Blanchard v. Fluent Llc, No. 17-cv-04497-MMC, 2018 U.S. Dist. LEXIS 156546 (N.D. Cal. Sep. 13, 2018) was not a TCPA claim, but may be a harbinger of things to come. In that case, the plaintiffs had sued the defendant in a class action for false e-mail advertising under California’s Unfair Competition Law (“UCL”). Notably, that law – similar to the TCPA – provides for recovery of either “actual damages”, or statutory (termed under the statute as “liquidated”) damages in the amount of $1,000 per offending e-mail. Cal. Bus. & Prof. Code § 17529.5(b)(1)(B)(ii).

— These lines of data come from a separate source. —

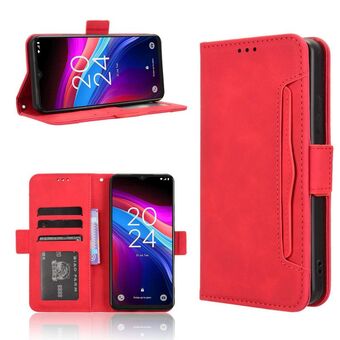Για TCL 503 δέρμα αίσθηση μοσχάρι υφή κάρτα υποδοχές δερμάτινη θήκη τηλεφώνου (κόκκινο)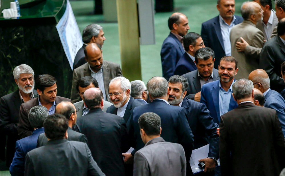 Foreign Minister Mohammad Javad Zarif and head of the Atomic Energy Organization of Iran Ali Akbar Salehi submitted the nuclear deal to the Majlis for review and briefed the lawmakers on some of its terms on Tuesday.
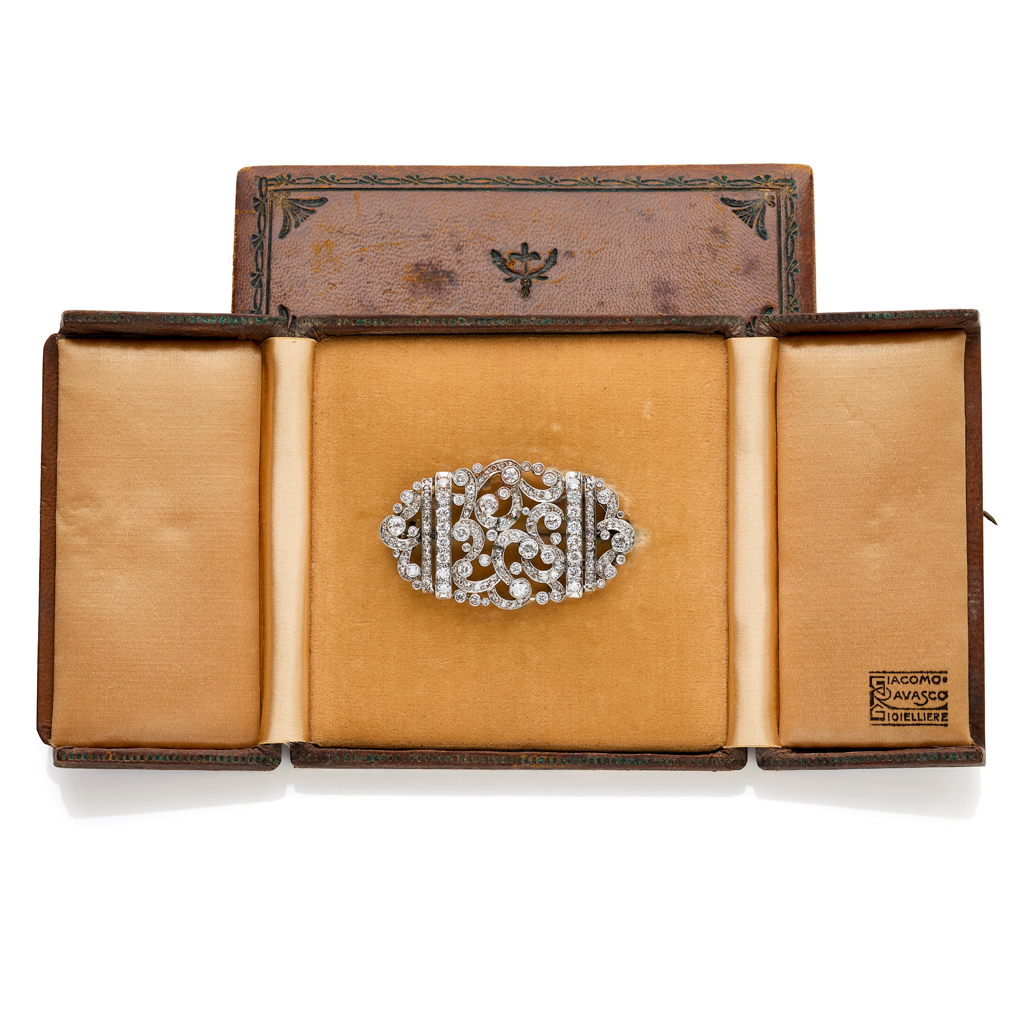Platinum brooch convertible into a pendant set with round old-cut diamonds and rose cut diamonds totalling approx. 2,80 ct. Complete with original Giacomo Ravasco cases and screwdriver.

The case was originally filed in California state court, but defendant removed it to the Northern District of California. Plaintiffs, obviously wanting to keep the case in state court, moved to remand the case on the basis that the defendant could not establish that plaintiffs had Article III standing to sue in federal court. Way to flip the script.

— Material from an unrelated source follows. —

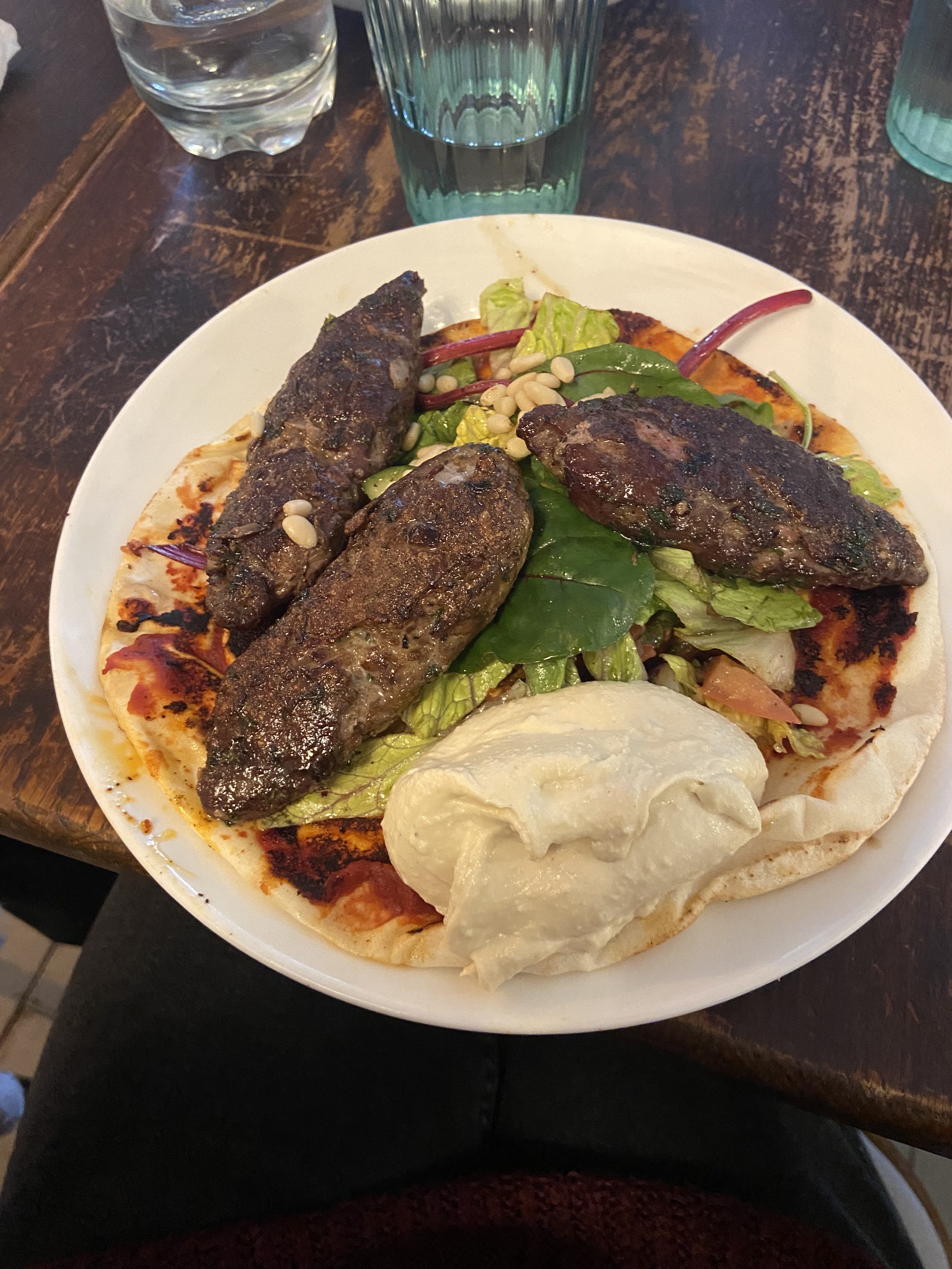 C’est TRES bon il n’y a pas à dire mais le prix n’en vaux pas la chandelle. 19euros pour un peu de viande, de la salade, du pain et du houmous… franchement j’avais encore et pourtant je me suis gavée de pain. Je n’en ai pas eu pour mon argent. Je suis ultra déçue

The defendant argued in response based upon the Ninth Circuit’s opinion in Van Patten v. Vertical Fitness Group, 847 F.3d 1037 (9th Cir. 2017) – where it held that TCPA plaintiffs have Article III standing based upon the “nuisance” and “invasion of privacy” caused by unsolicited calls – that plaintiffs’ allegation they had received an e-mail sent in violation of California’s UCL was in and of itself enough to establish standing. However, the court distinguished Van Patten on the basis that the false advertising law Plaintiffs had sued under was concerned with “harm caused by the content of commercial speech,” and “not the willingness with which it is received.” And the court found that plaintiffs had not otherwise alleged any facts “to support a finding that they have incurred an injury from their receipt of the challenged e-mails,” and defendant itself had not “shown such an injury was incurred.” Thus, the plaintiffs lacked standing under Article III and – consequently – the court ruled it did not have subject matter jurisdiction over plaintiffs’ state law claims and remanded them back to state court.

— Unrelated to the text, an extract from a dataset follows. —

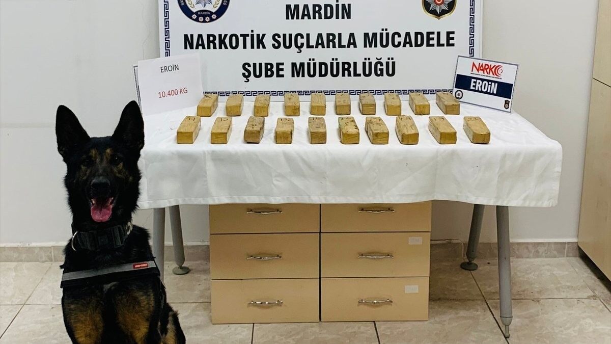 Detektör köpeğin katılımıyla araçta yapılan aramada paketler halinde yedek lastiğin içine gizlenmiş, 10 kilo 400 gram eroin bulundu.

So let’s pause for a moment here. The court’s ruling suggests that defendant might have presented something other than just the allegations of plaintiffs’ complaint to establish standing. Say, maybe discovery responses, or a deposition showing that the plaintiffs had been tangibly harmed by the e-mails in question. But what an awkward position to be in as a defendant – having to prove up that its actions harmed the plaintiff just to keep the case in federal court. Having said that, harm or injury isn’t an element of a claim under statutes like California’s false e-mail advertising law (or the TCPA for that matter) which provide for statutory damages. In that sense, there might not be much harm in a defendant establishing harm for purposes of the Article III analysis.
In any event it seems that, for now, this phenomenon may just be isolated to cases originally filed in state court, then removed to federal court. But if this trend starts bleeding into cases originally filed in federal court, we might see dismissals based on lack of Article III standing doing more harm than good for defendants. This is some bizarro world stuff right here.